# WHAT YOU WILL DO:
Leaving out every picture, copy the lines of the data exactly, from the first through the line containing "Their signature linens".

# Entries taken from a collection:
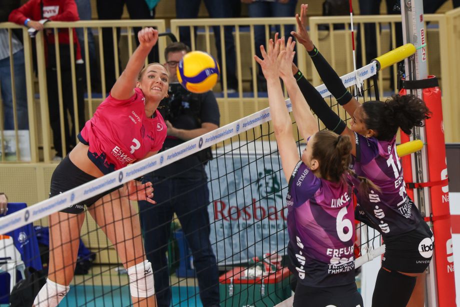 Der VC Wiesbaden reist nach Thüringen, wo am Freitag (23.1.2026; 18:00 Uhr) die Partie gegen Schwarz-Weiß Erfurt in der Riethsporthalle auf dem Spielplan steht. Drei Partien gilt es bekanntlich innerhalb einer Englischen Woche zu bestreiten. Nach dem Sieg gegen Borken (3:0) und der empfindlichen Niederlage gegen den Dresdner SC am Mittwochabend (0:3) peilen die Hessinnen nun weitere Punkte an, um als derzeit Siebter (17 Punkte) der 1. Volleyball Bundesliga Frauen den Anschluss an die Ladies in Black Aachen und den USC Münster möglichst zu verkürzen. In der Woche darauf reist man dann zum Liga-Neuling Binder Blaubären TSV Flacht nach Baden-Württemberg (Sonntag, 1.2.2026, 18:00 Uhr). Auch dort ist ein Sieg eingepreist.
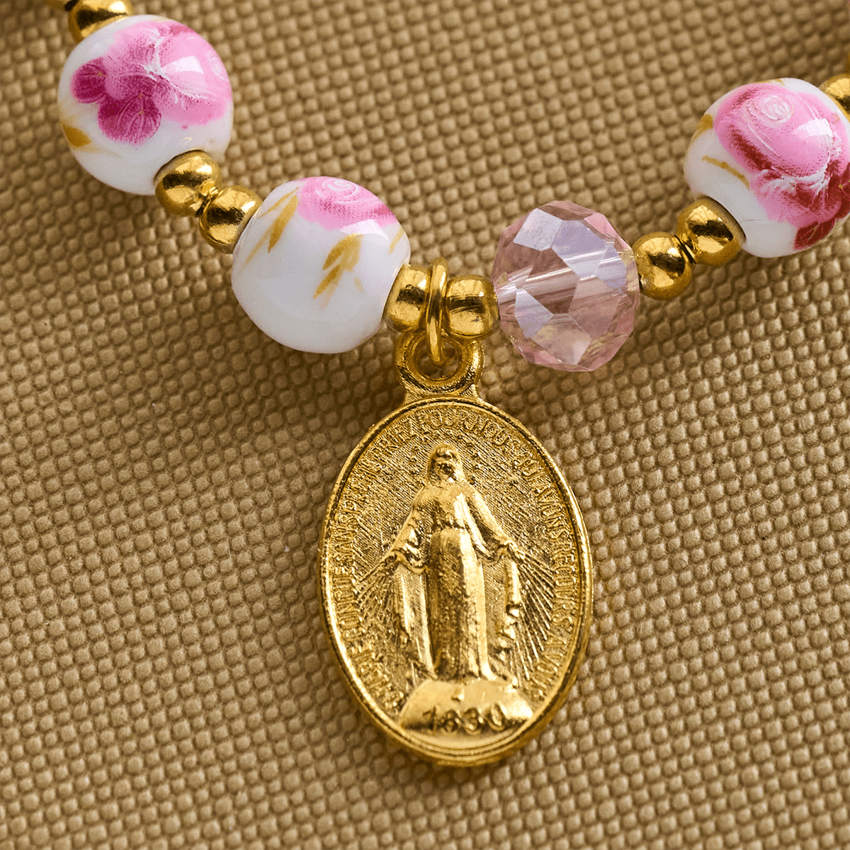 Christianartworkshop Elegante bracciale in ceramica rosa con motivo floreale da 8 mm e medaglia miracolosa
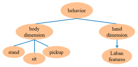 The red dots indicate that features are recorded at those locations. Thus, the behavior cognitive map is defined, and it can record the relationships between behaviors and the locations at which they occur. Therefore, a behavior can be decomposed into the body dimension and the hand dimension. In the body dimension, three body behaviors (standing, sitting, picking up) represent the body behavior. In the hand dimension, LMA is employed due to the large number of possible hand behaviors. The model structure is shown in Figure 9.
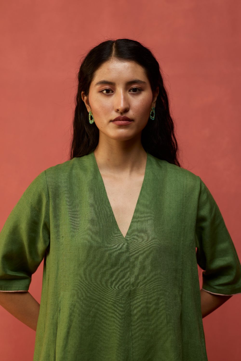 Their signature linens soften beautifully with time, eventually returning to the earth. They work with eri (ahimsa) silk, celebrated for its strength and gentle texture, and craft thoughtful blends of viscose, cotton, silk, and linen for pieces designed to last. Yarn-dyed techniques minimise chemical use and create the subtle, heathered tones that have become a quiet Manan signature.
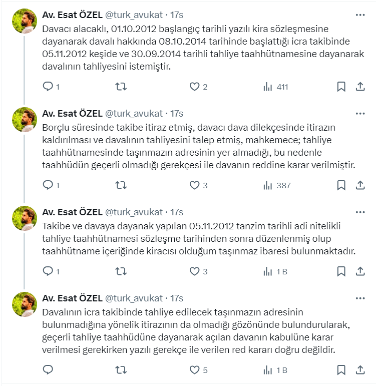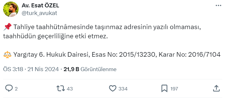 Ev sahipleri ve kiracıların en çok merak ettiği konular ile ilgili olarak yaptığı paylaşımlarla dikkat çeken Avukat Esat Özel resmi X hesabı https://twitter.com/turk_avukat üzerinden yaptığı paylaşımda tahliye taahhütnâmesinde taşınmaz adresinin yazılı olmamasının taahhüdün geçerliliğine etki etmeyeceğini belirtti.
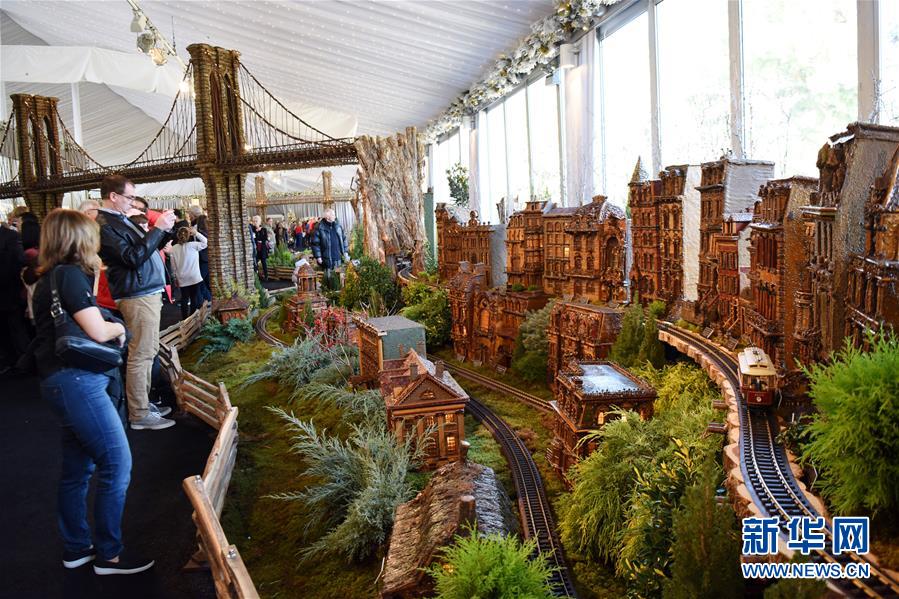 11月26日,在美國(guó)紐約植物園節(jié)日小火車(chē)展上,游客觀看模型小火車(chē)和紐約微縮景觀。新華社記者韓芳攝
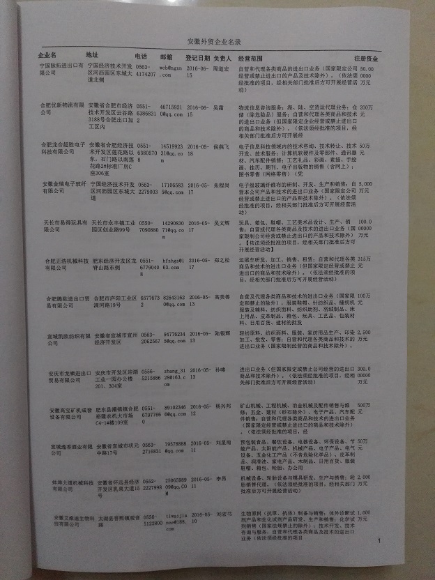 安徽外貿(mào)企業(yè)黃頁(yè)包括:外貿(mào)企業(yè)名稱、地址、電話、傳真、郵箱、經(jīng)營(yíng)范圍、注冊(cè)資金等信息。
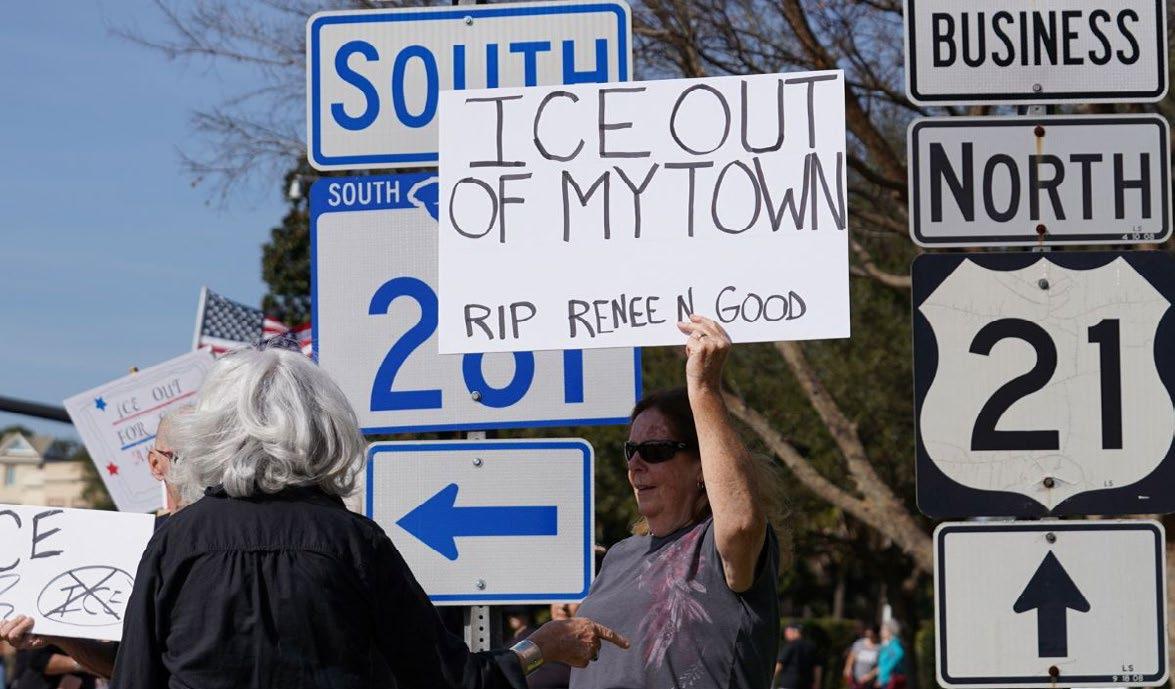 Saturday, Jan. 10, in front of Beaufort City Hall at the intersection of Boundary Street and Ribaut Road to protest the Wednesday, Jan. 7 killing of 37-year-old Renee Good by a U.S. Immigration and Customs Enforcement (ICE) agent in Minneapolis.
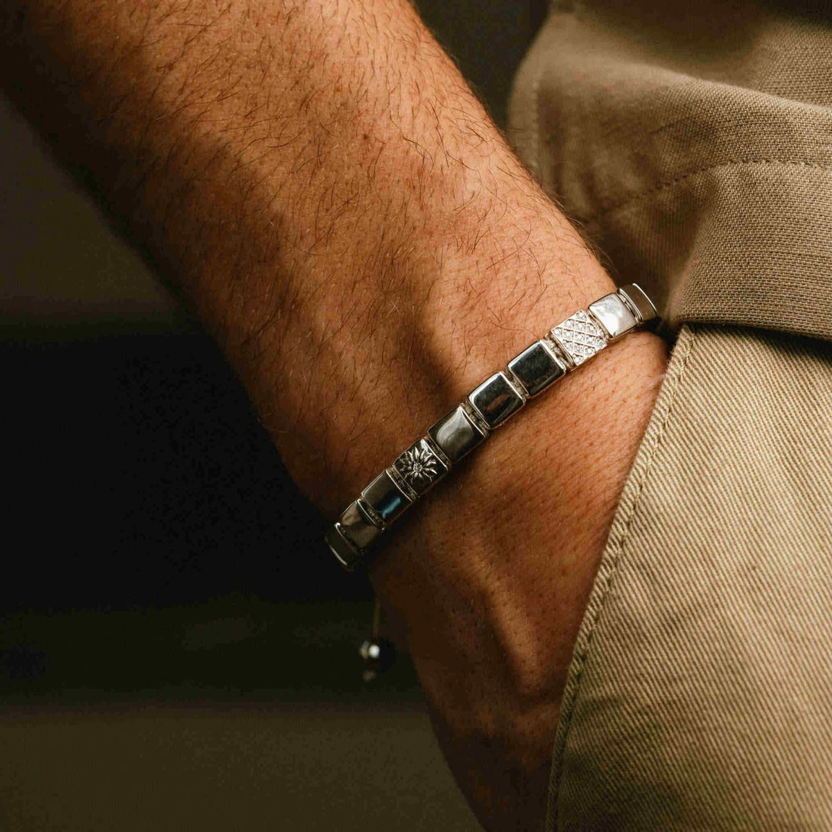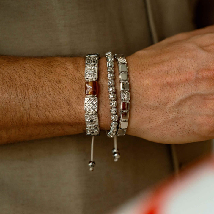 The Women's Silver Macrame Bracelet – Light Beige String With White Moissanites by Mahigan is a unique and stylish unisex accessory. The bracelet features a macrame braided design with a light beige string and a 7x7mm bead of sterling silver 925 plated with white rhodium. The bead is set with white moissanites, making this a truly one-of-a-kind piece.

# SOLVED EXERCISE:
 Der VC Wiesbaden reist nach Thüringen, wo am Freitag (23.1.2026; 18:00 Uhr) die Partie gegen Schwarz-Weiß Erfurt in der Riethsporthalle auf dem Spielplan steht. Drei Partien gilt es bekanntlich innerhalb einer Englischen Woche zu bestreiten. Nach dem Sieg gegen Borken (3:0) und der empfindlichen Niederlage gegen den Dresdner SC am Mittwochabend (0:3) peilen die Hessinnen nun weitere Punkte an, um als derzeit Siebter (17 Punkte) der 1. Volleyball Bundesliga Frauen den Anschluss an die Ladies in Black Aachen und den USC Münster möglichst zu verkürzen. In der Woche darauf reist man dann zum Liga-Neuling Binder Blaubären TSV Flacht nach Baden-Württemberg (Sonntag, 1.2.2026, 18:00 Uhr). Auch dort ist ein Sieg eingepreist.
 Christianartworkshop Elegante bracciale in ceramica rosa con motivo floreale da 8 mm e medaglia miracolosa
 The red dots indicate that features are recorded at those locations. Thus, the behavior cognitive map is defined, and it can record the relationships between behaviors and the locations at which they occur. Therefore, a behavior can be decomposed into the body dimension and the hand dimension. In the body dimension, three body behaviors (standing, sitting, picking up) represent the body behavior. In the hand dimension, LMA is employed due to the large number of possible hand behaviors. The model structure is shown in Figure 9.
 Their signature linens soften beautifully with time, eventually returning to the earth. They work with eri (ahimsa) silk, celebrated for its strength and gentle texture, and craft thoughtful blends of viscose, cotton, silk, and linen for pieces designed to last. Yarn-dyed techniques minimise chemical use and create the subtle, heathered tones that have become a quiet Manan signature.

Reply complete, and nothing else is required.